If you've spent time in Hoi An, you'll already know "mi quang" and "cao lau" — don't expect to find good versions of either on the island. Save those for the mainland.

Where to stay

Overnight options are limited and basic. Most are homestays in Bai Lang village, run by local families. Expect a clean room with fan or AC, cold or lukewarm water, and not much else.

  • Budget homestays: 200,000-350,000 VND/night. Basic rooms, shared bathrooms in some cases.
  • Mid-range guesthouses: 400,000-700,000 VND/night. Private bathroom, AC, possibly breakfast included.

There are no hotels or resorts. Book ahead on weekends from May to July — capacity is genuinely limited, and turning up without a booking means you might be sleeping on someone's floor.

Aerial view of Phan Thiet's vibrant coastline with boats and hills, offering a serene landscape.

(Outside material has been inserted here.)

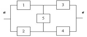 Рис. 2.3 Мостиковая схема соединения элементов Метод перебора состояний. Расчету надежности любой системы независимо от используемого метода предшествует определение двух непересекающихся множеств состояний элементов, соответствующих работоспособному и неработоспособному состояниям системы. Каждое из этих состояний характеризуется набором элементов, находящихся в работоспособном и неработоспособном состояниях. Поскольку при независимых отказах вероятность каждого из состояний определяется произведением вероятностей нахождения элементов в соответствующих состояниях, то при числе состояний, равном т, вероятность работоспособного состояния системы
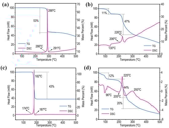 DSC and TG curves of DAPO (a), DAPOC·H2O (b), DAPOP (c), and DAPOT·3H2O (d).

Photo by Felipe Alves on Pexels

Practical tips locals would tell you

  • Bring cash. There are no ATMs on Cu Lao Cham and almost nowhere accepts cards.
  • Plastic bags are banned on the island. Bring a reusable bag or backpack.
  • Wear reef-safe sunscreen or, better, a rash guard. The coral is the whole reason this place is worth visiting.
  • Negotiate boat prices before boarding, especially for private island-hopping trips. Agree on the route, the number of stops, and whether snorkeling gear is included.
  • The last speedboat back usually leaves around 3:00-3:30 PM. Miss it and you're staying the night — which, honestly, isn't the worst outcome.

Common mistakes to avoid

  • Going on a weekend in peak season without booking transport or accommodation. The island has a daily visitor cap (around 3,000), and boats do sell out.
  • Joining a cheap group tour that packs 40 people onto one snorkeling boat and gives you 20 minutes in the water. If snorkeling matters to you, go independent or pay more for a small-group operator.
  • Expecting a resort island. Cu Lao Cham is a fishing village with some tourism infrastructure, not a beach resort. Adjust expectations accordingly, and you'll enjoy it a lot more.
  • Skipping the overnight. Day-trippers all leave by mid-afternoon. The island from 4 PM onward — quiet lanes, sunset from Bai Ong, cheap seafood dinner with a beer — is the best part.

Practical notes

Cu Lao Cham works best as a side trip from Hoi An or Da Nang. One night is enough to see everything on Hon Lao; two nights if you want to dive or just decompress. Check weather forecasts before committing — if seas are rough, the boats won't run regardless of what your hotel or tour operator promises.

— FIN —

Last updated · May 24, 2026 · independently researched, never sponsored.